Additionally, we believe there are many home-run investments in client portfolios that will be realized in the years to come (e.g. EM’s).
Major market disruptions have caused investors to flee these areas in the near-term, but rewards will be provided to those that invest patiently and with fortitude over the long-term.
Investing Like a Bonsai Gardener
Looking Ahead
Japanese bonsai gardens are very impressive labors of love. These highly-curated collections of little trees exhibit the pride and professionalism that comes from years of love, care, and constant attention.
The bonsai practitioner uses multiple cultivation techniques depending on what he/she is trying to achieve, and what they are trying to overcome (pot size, new climate acclimation, etc).
Investing has some similar characteristics. Despite the changing market environment, it is an investor’s job to provide years of love, care, and constant attention to a portfolio…making careful adjustments along the road to success.
At times, a portfolio requires an adjustment to preserve capital and ensure the best odds of survival.
Other times, it requires adjustments to realize opportunities at hand. For all time periods, investing requires care and patience, as rewards come to those with the steadiest hand and the fortitude not to panic.
In our current work, we have made a number of recent adjustments to client portfolios.
First off, we have continued to increase our allocations to Emerging Markets as they get more and more undervalued.
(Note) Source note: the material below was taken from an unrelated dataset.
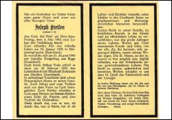 ∞ 31.8.1904 Josepha Zengerling aus Bigge, Sauerland, †; ∞ 22.2.1922 Elisabeth Jostmann aus Menden, Sauerland; 4 seiner Kinder †; 1 Sohn Priester, 1 Tochter Ordensfrau; Lehrer in der Großstadt Essen |

While this positioning has dragged portfolios in recent time periods, it represents a blockbuster opportunity for gain over the next 5-10 year period.
Secondly, we have used the past 18-24 month period to assess our diversifier alternative funds. Those that have performed as expected during downturns (e.g. offering relief and ballast to our equity holdings), have been kept for future protection against declines, while those that have not met their stated objectives have been pruned.
Finally, we have continued to refine our Active Trading and Risk Management models to ensure that opportunities and risks are more rapidly met with the appropriate response. This is not an easy task given the abnormalities of markets in recent years, but we are comfortable with our improving capabilities.
We remain as excited as ever about the future, as we also await the catalyst for the cure of current global ills. When this occurs, as it always does, our deep value investments have a large runway for growth.